What will be scraped
DuckDuckGo Related Searches API
The difference in using an API solution and DIY solution is that you'll get a faster response since there's no need to render the page.
Additionally, iterating over structured JSON
is a faster process rather than writing parser from scratch and maintaining it overtime, and figuring out how to bypass blocks.
import json
from serpapi import GoogleSearch
params = {
"api_key": "...", # https://serpapi.com/manage-api-key
"engine": "duckduckgo",
"q": "fus ro dah",
"kl": "us-en"
}
search = GoogleSearch(params)
results = search.get_dict()
for result in results['related_searches']:
print(json.dumps(result, indent=2))
DIY Process
For some reason request-html
can't locate elements at the bottom of the page when using xpath
or css
selectors, and scrolldown=
parameter didn't help either.
This time selenium
was used since it is the easiest way to get the data but at the same time, not the fastest.
Selecting CSS
selector to grab query and a link and running the script.
Note №1: running selenium
in headless mode didn't return any results, or I was doing something wrong.

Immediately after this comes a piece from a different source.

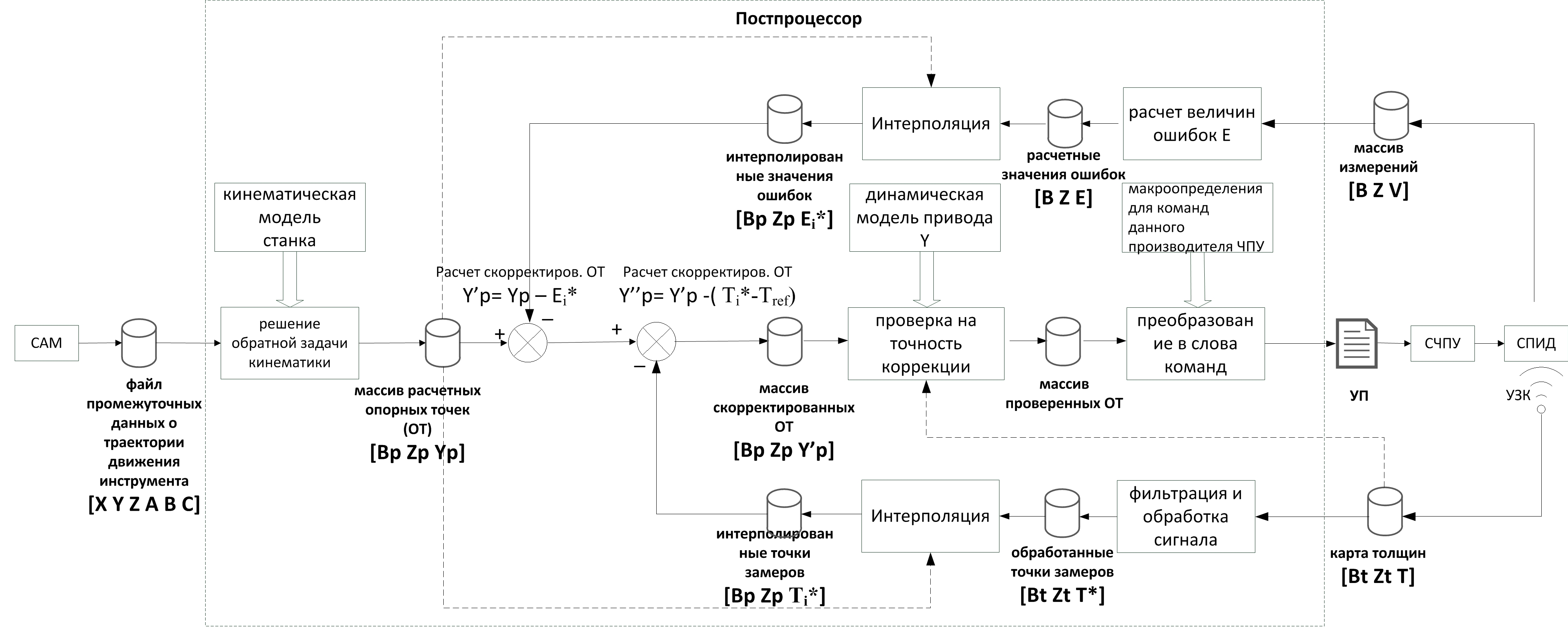 - массив опорных точек траектории обработки [Bp Zp Yp…], рассчитанный в постпроцессоре на основе заданных в CAM-системе траектории движения инструмента и режимов резания с учетом кинематической модели станка.

Note №2: the data could be extracted from the <script>
tag without selenium
use, but it will be a much more time-consuming process.
Full DIY Code
from selenium import webdriver
driver = webdriver.Chrome(executable_path='/path/to/chromedriver.exe')
driver.get('https://duckduckgo.com/?q=fus ro dah&kl=us-en&ia=web')
for result in driver.find_elements_by_css_selector('.result__a.related-searches__link'):
query = result.text
link = result.get_attribute('href')
print(f'{query}\n{link}\n')
driver.quit()
------------------
'''
fus ro dah meme
https://duckduckgo.com/?q=fus%20ro%20dah%20meme&kl=us-en
fus ro dah sound
https://duckduckgo.com/?q=fus%20ro%20dah%20sound&kl=us-en
fus ro dah skyrim
https://duckduckgo.com/?q=fus%20ro%20dah%20skyrim&kl=us-en
...
'''